Exercise requirements: An exact copy is required of the lines running from the one that contains "2009年の初回開催から今年" to the end of the material, both ends included, with pictures omitted.

Dataset extract:
>>>>
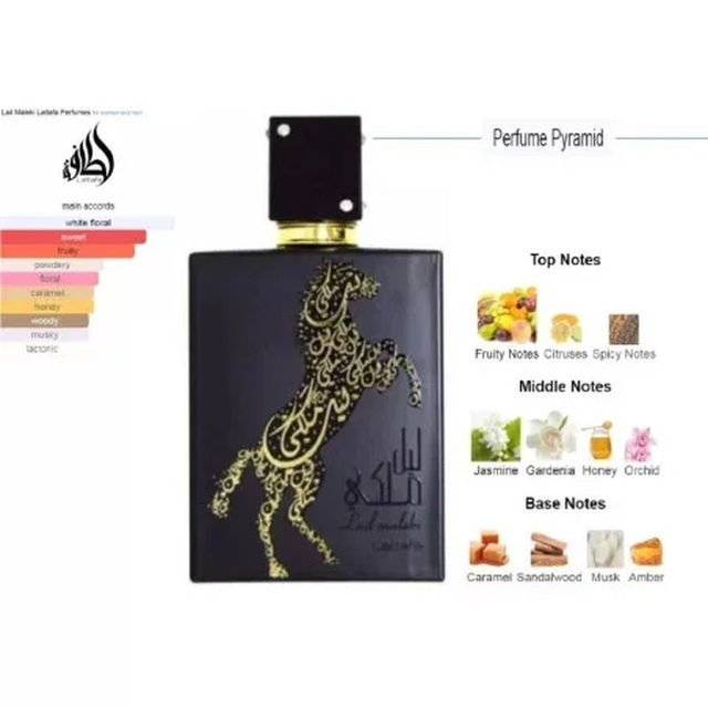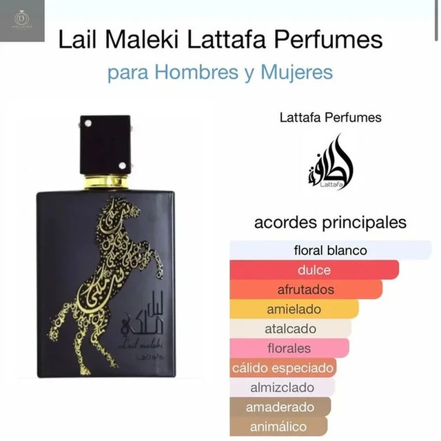 Lail Maleki Eau de Parfum es una fragancia para hombres y mujeres que te transporta al mundo místico de Oriente. Es un aroma rico y lujoso, lleno de notas exóticas que calientan el cuerpo y el alma. Cada capa del aroma está llena de misterio y grandeza, proporcionando una experiencia única. • Notas de salida Acordes Frutales y Cítricos. – En el Corazón Jazmín, Gardenia, Miel y Orquídea. – De Fondo Madera de Sándalo, Almizcle, Caramelo y Ámbar.
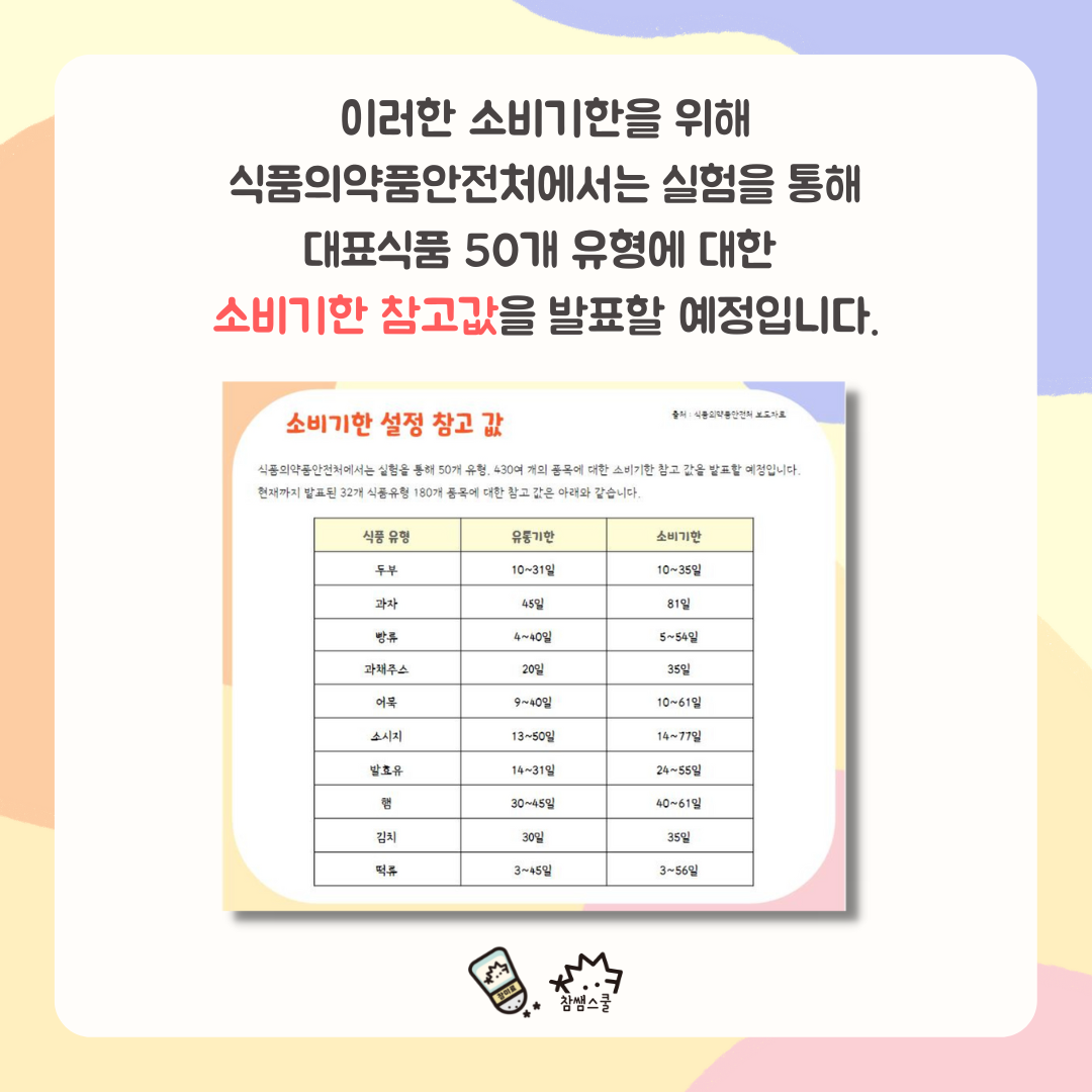 🍭 마지막으로 식품의약품안전처에서 실시한 소비기한 참고값 실험내용까지 준비했어요!
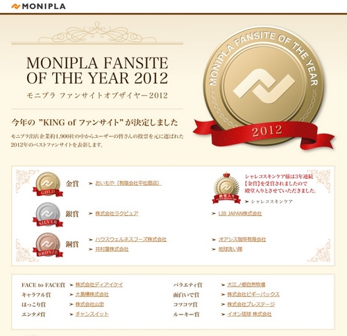 2009年の初回開催から今年で4度目を数える「ファンサイト・オブ・ザ・イヤー2012」は、2012年にモニプラに出展された企業ファンサイトの中から、ユーザー投票を元に「ファンに最も支持されたファンサイト」として金賞・銀賞・銅賞を選出しています。
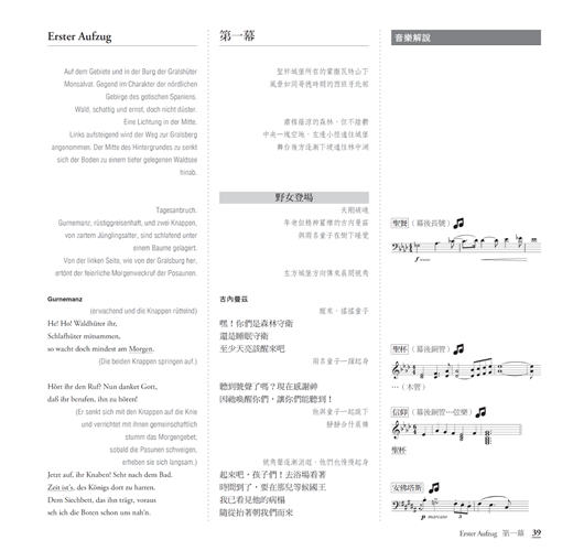 本書由夜鶯基金會精心編撰,除了全劇本歌詞中德翻譯,並有詳細音樂解說方便讀者跟聽閱讀。
<<<<
Answer area:
 2009年の初回開催から今年で4度目を数える「ファンサイト・オブ・ザ・イヤー2012」は、2012年にモニプラに出展された企業ファンサイトの中から、ユーザー投票を元に「ファンに最も支持されたファンサイト」として金賞・銀賞・銅賞を選出しています。
 本書由夜鶯基金會精心編撰,除了全劇本歌詞中德翻譯,並有詳細音樂解說方便讀者跟聽閱讀。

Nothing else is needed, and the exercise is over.